If anything can be said to be the key quality of the human race, it is our ability to adapt. This applies to TV, where accessibility for deaf or neurodivergent audiences is now becoming a universal tool for hearing and neurotypical people. Subtitles are a key example of this. An Ofcom study revealed that around 80% of audiences now use closed-captioning when watching shows. What used to be seen as an unfamiliar annoyance on the screen has slowly found its way to the majority audience who have become used to this tool and now rely on it for an easier listening experience, as well as for improved comprehension and memory purposes. Initial discomfort turned to normalisation over time, with empathy and perspective generated as by-products. 
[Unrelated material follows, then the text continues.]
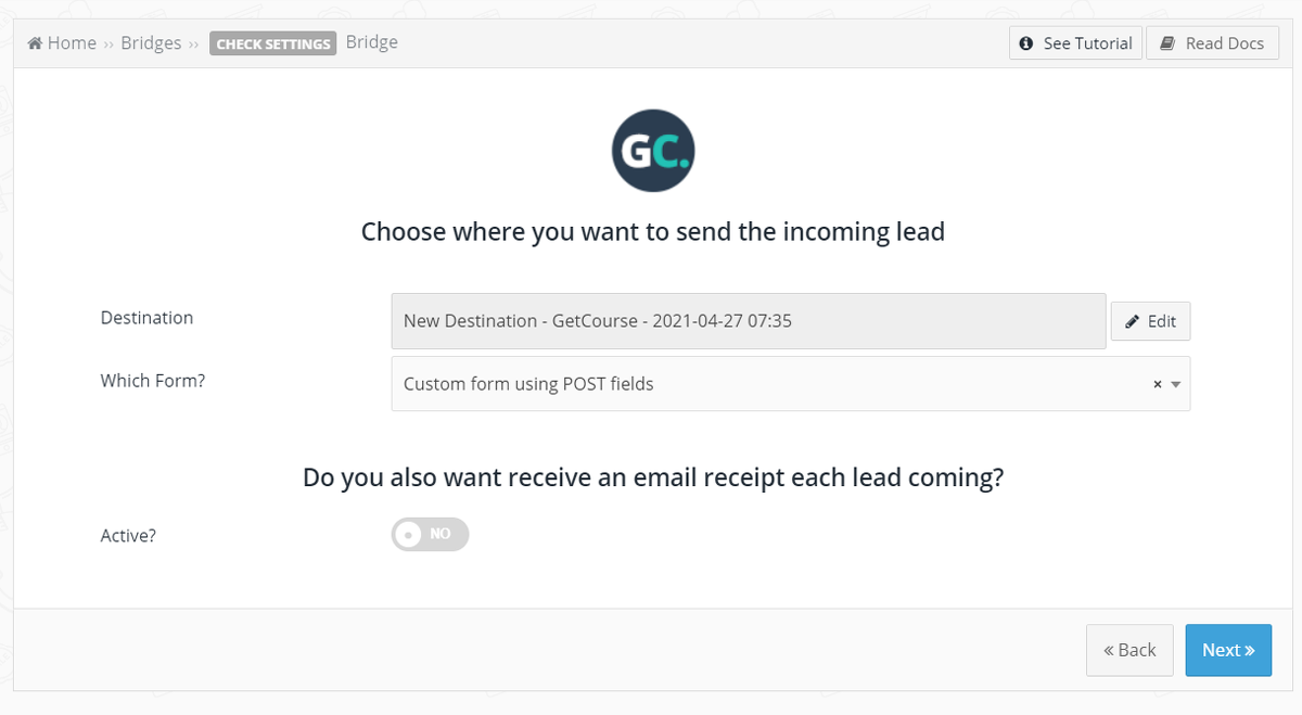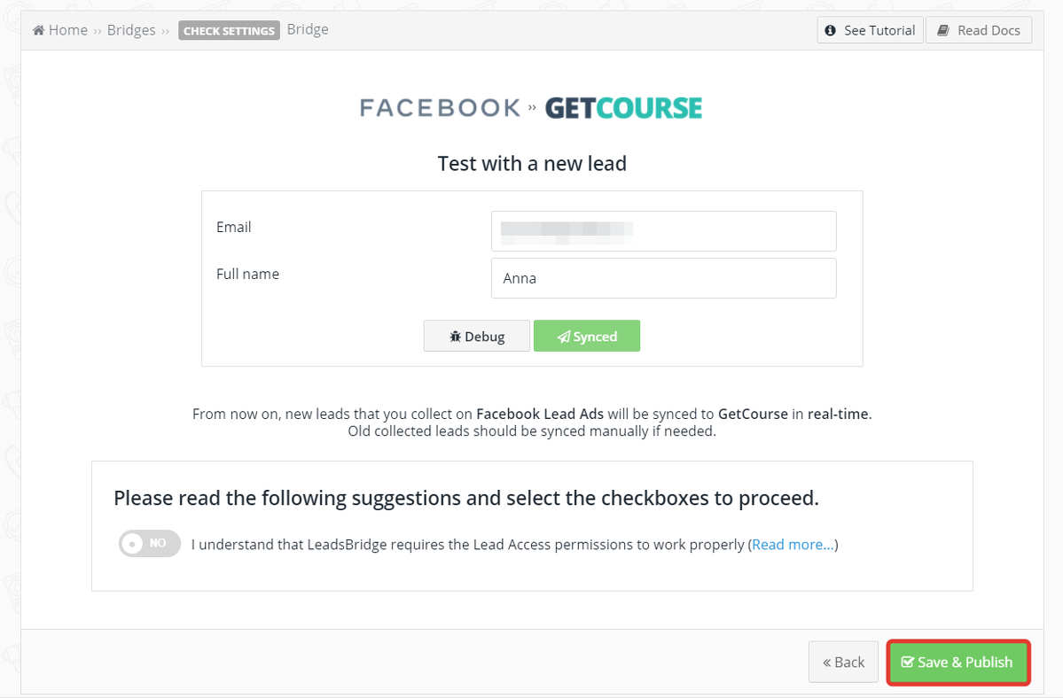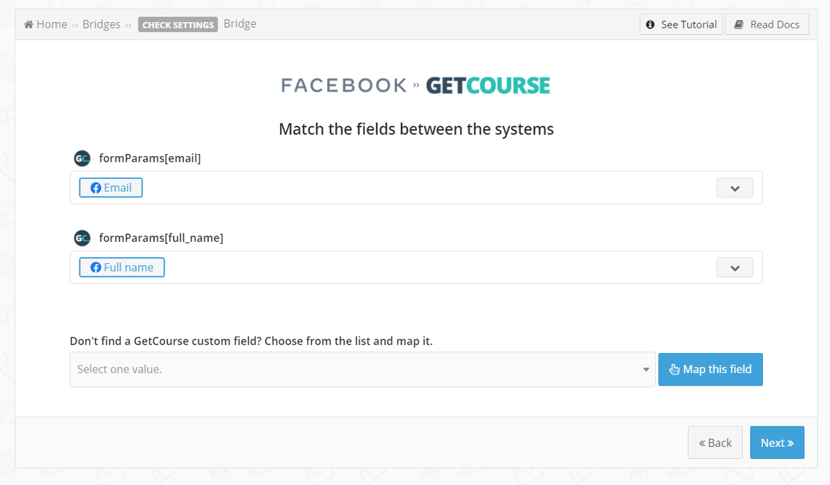 O serviço da Leadsbridge permite que você automatize a transferência de dados do cadastro de usuários do Facebook para sua conta do Facebook na GetCourse e configure, por exemplo, um mailing automático para esses usuários.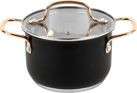 Topfset schwarz, Edelstahl 3-teilig für alle Herdarten. 1.9 / 2,6 / 4,7 liter

Some critics and audiences slate this “vapid circus” of so-called wokeness as damaging to shows branded as “too middle-class and too white” (Long), but when it comes to championing social justice issues, acting talent comes second to creating a platform for audiences to relate to or learn from. Yes, in the case of the BAFTAs, this means there may be some surprise snubs for talent like Showtrial’s Céline Buckens or the lauded Mare of Easttown, in favour of shows that include social topics. But not only is the aforementioned attitude small-minded, it’s also unfounded. Look at Channel 4’s It’s A Sin, for instance, a show with stellar acting talent as well as diverse representation of the once (and arguably still) taboo topic of AIDS and its impact on gay communities, yet none of its many BAFTA nominations resulted in an award. Even so, through its very existence, it provided a voice for those lost in the tide of prejudice and ignorance in the 1980s, as well as championing the destigmatisation of HIV today. If we perceive award snubs through such a left vs. right, woke vs. traditionallens then we fail to understand the true value of TV as a social leveller.

Looking ahead, with the ongoing Ukraine crisis, ever-rising living costs and the devastating overturning of Roe v. Wade in the US, audiences will surely benefit from more formats and awarding bodies that celebrate diversity and advocate social change. In 2022, the desire for distraction still remains, but attention has shifted from lockdown-era escapism to discomfiting realism that isn’t afraid to invade the living room.